Con la lección parisina bien aprendida apostó por lo alto: para la inauguración invitó a champán y whisky a las personalidades más relevantes de la ciudad. Quería poner su nombre al centro pero supo ver que a España le seducía todo lo que oliera a foráneo. Germaine era un nombre que le gustaba y Capucine, una famosa actriz que representaba el ideal de belleza de la época. Como logotipo escogió un cisne porque simboliza, según ella, lo que los productos cosméticos aportan: belleza, elegancia y serenidad.
«Tenía 54 años y comenzaba por fin la aventura empresarial que había deseado desde que tenía memoria». Empezó aplicando gratis sus cremas y tratamientos a las clientas de la peluquería así como enseñarles a cuidarse en casa. Luego empezó a venderles los productos, cuyas etiquetas pegaba a mano. Expandió el negocio mostrando sus fórmulas en otras ciudades. Llegó a vender sus productos en establecimientos aunque se dio cuenta de que era mejor formar al personal para que supieran qué tratamiento había que aplicar en cada caso y cómo hacerlo. Con tres de sus hijos implicados, en 1975 abrió la primera fábrica, de la cual se mudarían a las actuales instalaciones – siempre en Alcoy – en 1982. Cuatro años antes ya se había atrevido a cruzar la frontera: Venezuela – con planta de producción incluida – y de ahí a Norteamérica, Singapur, Hong Kong, Francia e Italia.
En los noventa la empresa se convirtió en una firma puntera en cosmética inteligente y antienvejecimiento (“lo importante es reconocer que cada edad tiene su belleza y que puede ser realzada con los cuidados adecuados”). Linda Evangelista fue su imagen en los dos mil.

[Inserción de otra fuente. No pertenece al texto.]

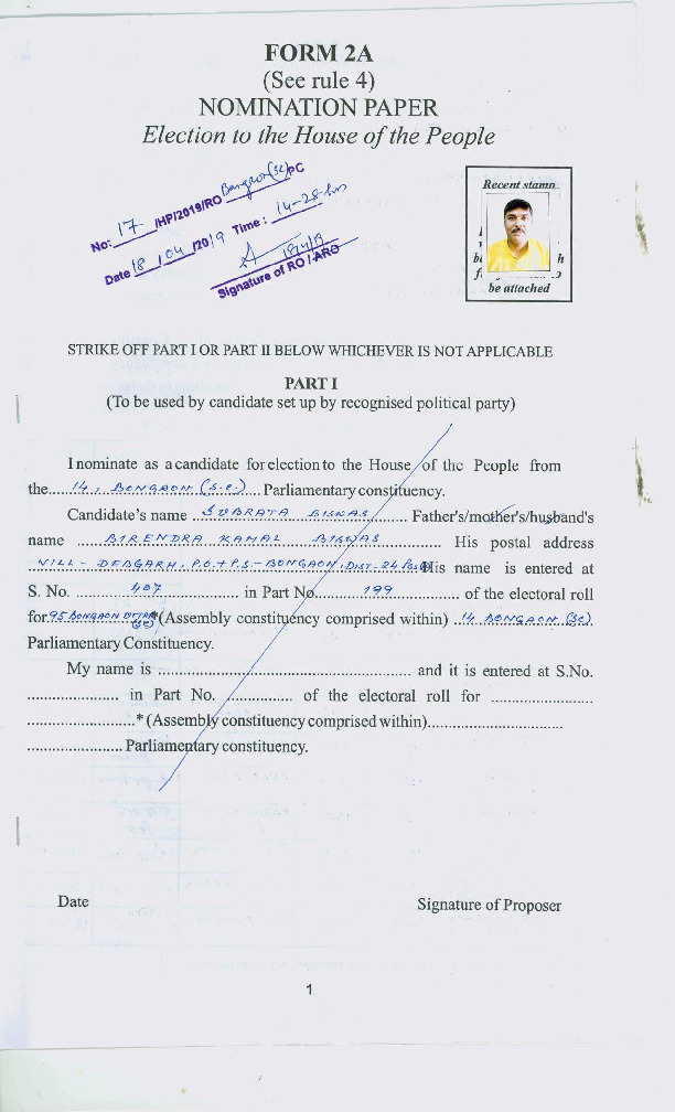 | மேற்கு வங்காளம் | Bangaon | Monday, 6 May 2019 | Subrata Biswas(Affadavit) | Shantanu Thakur |

Tanto Carmen, que falleció en 2003, como la firma han sido premiados en varias ocasiones. En 2013 facturó más de 21 millones de euros. Cuenta con más de 18.000 gabinetes de belleza repartidos en más de 80 países. Y aunque al final la firma no lleva su nombre, sí lo tiene un perfume: Carmen Vidal, destinado a las mujeres libres y vitales; tal y como era ella.
Su biografía oficial, titulada Así creé Germaine de Cappucini, empieza parafraseando a Pablo Neruda: «Confieso que he vivido» pero continua con «y he luchado por dar vida a un sueño».